Work to complete
Beginning with the line below that contains "烹饪专业的同学则是以小组为单" and ending with the line that contains "IRIS USA Plastic", retype every line exactly. Pictures are not copied.

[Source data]
========

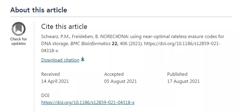 第二篇文章“NOREC4DNA: using near-optimal rateless erasure codes for DNA storage”于2021年04月14号投稿,2021年08月05日接收,从投稿到接收用时3个多月时间。
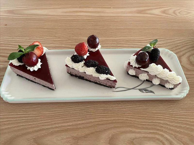 烹饪专业的同学则是以小组为单位制作面点。各小组可自行选择制作内容,在规定的时间内完成比赛。有的小组做抄手,有的小组做酸奶麻花,还有的小组制作慕斯蛋糕等等。整个比赛体现的是团队的凝聚力和创新能力,团队的合作与作品的成功息息相关。分工明晰、步骤明确的小组总是能成功地完成目标。厨房里的工作不是单一无序的,学会分工合作,方能缔造出更加令人惊叹的美食佳肴。
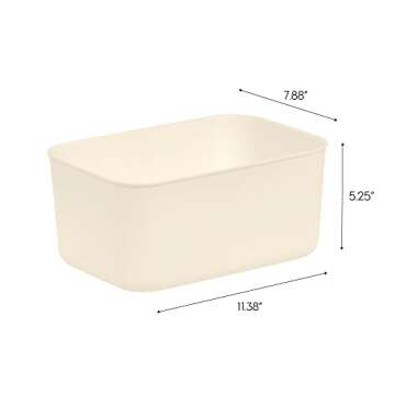 IRIS USA Plastic Basket Bin & Lid, Small, 4-Pack, Stackable Lidded Storage Organizer Bins for-Kitchen-Bathroom and Bedroom, Off White
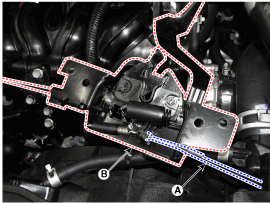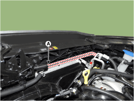 Отсоедините хомут шланга охлаждающей жидкости (А).
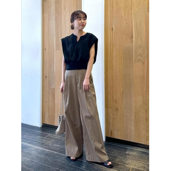 たっぷりとしたワイドシルエットに生地感はしっかりと高級感があり、カジュアルにも綺麗めに使えます!
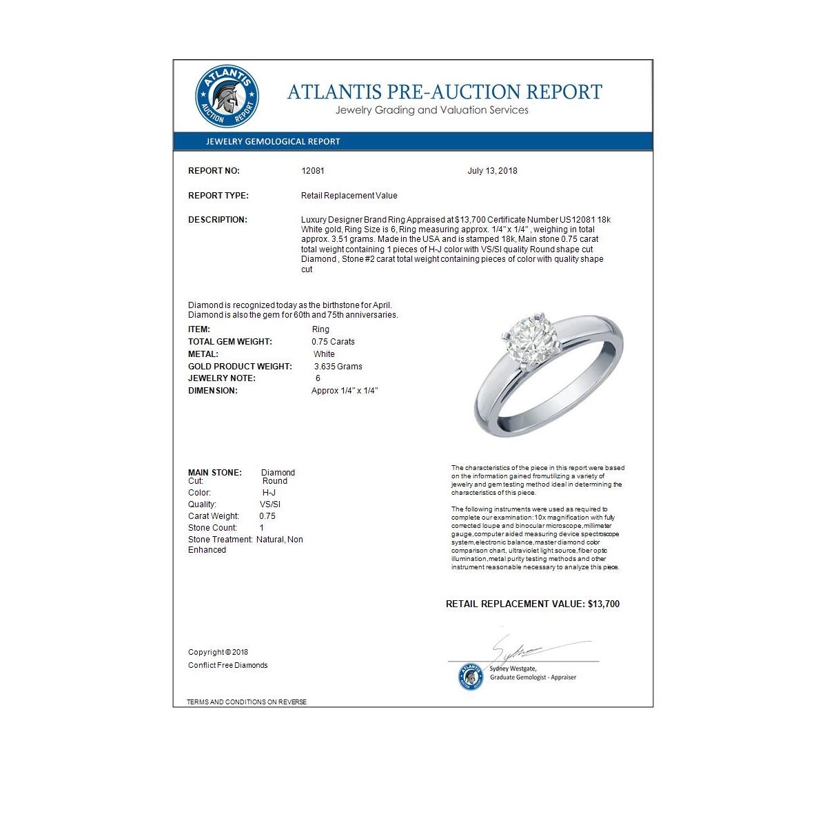 REF-356A2X -12081 ---- 0.75 CTW Certified VS/SI Diamond Solitaire Ring 18K White Gold ---- Luxury Designer Brand Ring Appraised at $13,700 Certificate Number US12081 18k White gold, Ring Size is 6, Ring measuring approx. 1/4" x 1/4" , weighing in total approx. 3.51 grams. Made in the USA and is stamped 18k, Main stone 0.75 carat total weight containing 1 pieces of H-J color with VS/SI quality Round shape cut Diamond , Stone #2 carat total weight containing pieces of color with quality shape cut
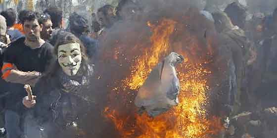 Portugal. «Diario de Noticias» elige también una fotografía tomada en Barcelona, donde se produjeron los mayores incidentes. Un manifestante, que sostiene un cartel («Contra la agresión de los ricos y sus políticos: ¡Autodefensa!»), permanece frente a un fuego en la calzada. El titular: «El día en que Barcelona se pareció a Atenas».
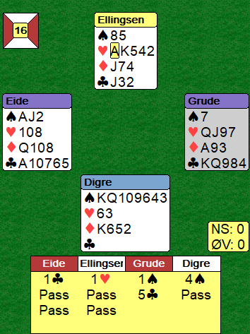 Her var forslaget mitt et glimrende motspill, nord skulle spille tre runder hjerter så en av østs vinnere i den fargen kunne bli trumfet bort selv om vest kan trumfe over. Som mange har oppdaget er det svada, syd har jo ikke trumf! Beklager til leserne, og beklager til Ellingsen som ikke kunne gjøre noe for å bete den 5 kløveren i tredje stikk. (Men kontrakten kunne gått bet med ruterskift i andre stikk.)
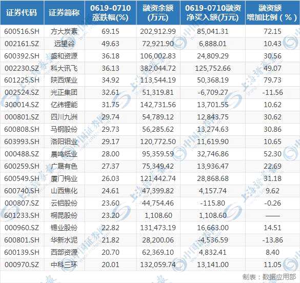 同時(shí)觀察6月19日以來的個(gè)股融資情況可以發(fā)現(xiàn),其間漲幅超過20%的20只個(gè)股中(見下表),除了光正集團(tuán)、云鋁股份、華新水泥3只個(gè)股的融資余額小幅減少外,其他17只個(gè)股的融資金額都呈凈流入態(tài)勢。其中,方大炭素、陜西煤業(yè)的融資余額增加了近80%,晨鳴紙業(yè)、科大訊飛增加了近50%。這表明,個(gè)股融資額增加與股價(jià)走強(qiáng)之間存在著較強(qiáng)的正相關(guān)。
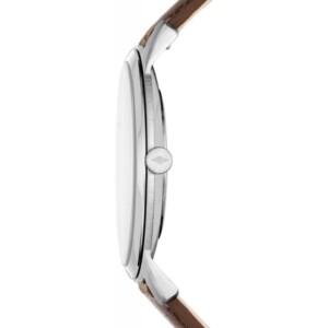 Przejrzysta tarcza w tym modelu to kolejny atut. Wyposażono ją w indeksy liniowe oraz wskazówki, za które odpowiada kwarcowy mechanizm napędzany baterią. Cały układ na analogowym cyferblacie podkreśla logo marki Fossil, umieszczone poniżej godziny dwunastej.
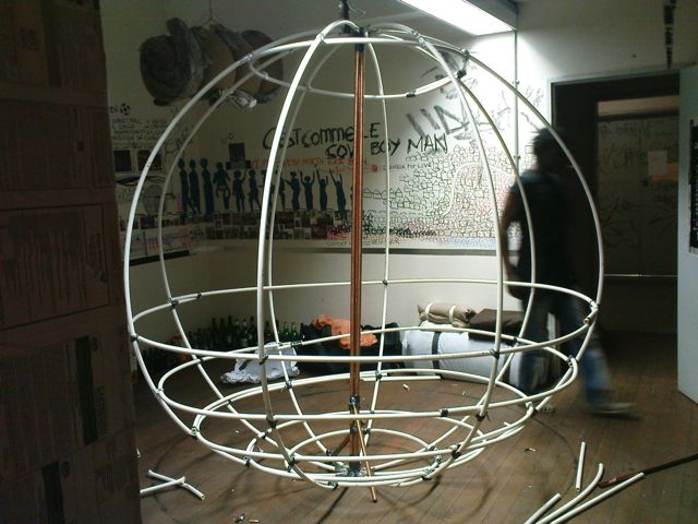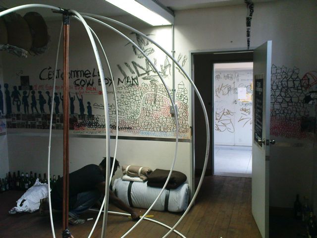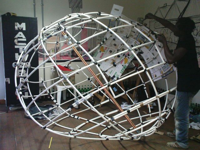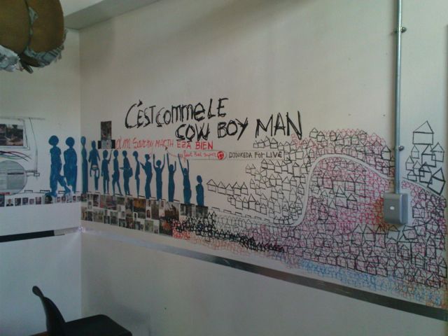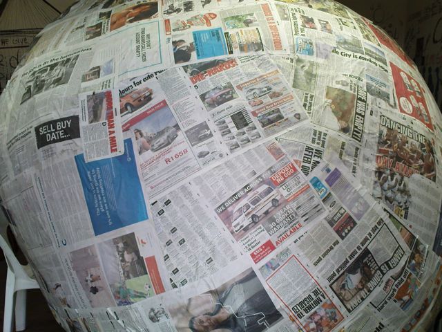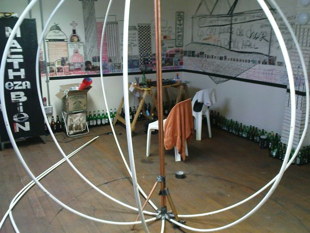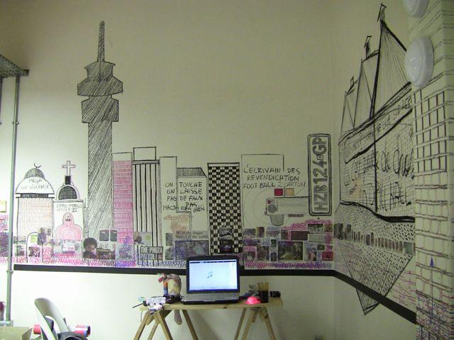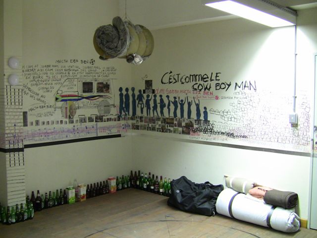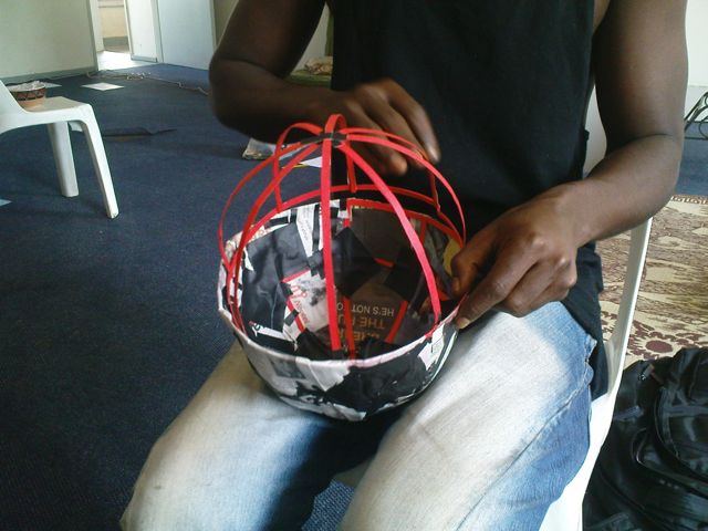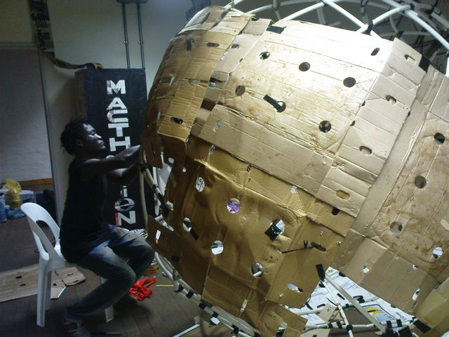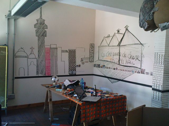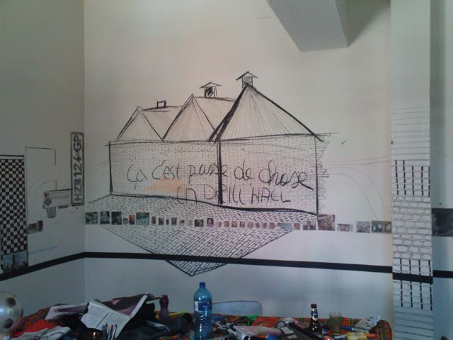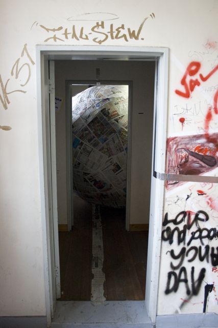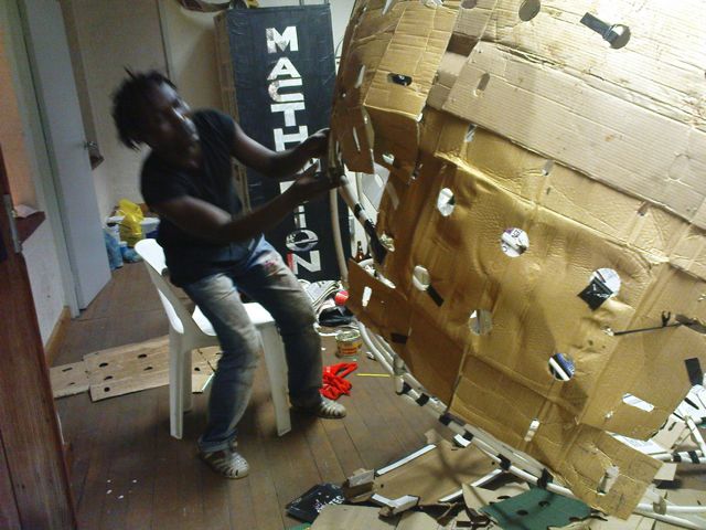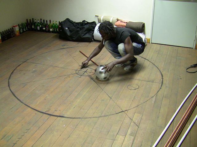 Mega Mingiedi worked obsessively in his room at the Drill Hall, slowly turning it into a wall drawing/installation, “Lelo Awa”, which commented on the outside world (the project in it’s first version was for outside, and within one night he turned it in an inside project), experiences and impressions gathered during his stay. Drawing on his interest in soccer and the impact of the World Cup, the installation included the construction of a large ball, which was covered in newspaper articles and played with the volume of the rooms dimensions. Mingiedi distilled extracts from this diary-like treatment of the walls (both commentary and record) into 3 drawings which were displayed during the Art Fair.

========

Exercise solution
 烹饪专业的同学则是以小组为单位制作面点。各小组可自行选择制作内容,在规定的时间内完成比赛。有的小组做抄手,有的小组做酸奶麻花,还有的小组制作慕斯蛋糕等等。整个比赛体现的是团队的凝聚力和创新能力,团队的合作与作品的成功息息相关。分工明晰、步骤明确的小组总是能成功地完成目标。厨房里的工作不是单一无序的,学会分工合作,方能缔造出更加令人惊叹的美食佳肴。
 IRIS USA Plastic Basket Bin & Lid, Small, 4-Pack, Stackable Lidded Storage Organizer Bins for-Kitchen-Bathroom and Bedroom, Off White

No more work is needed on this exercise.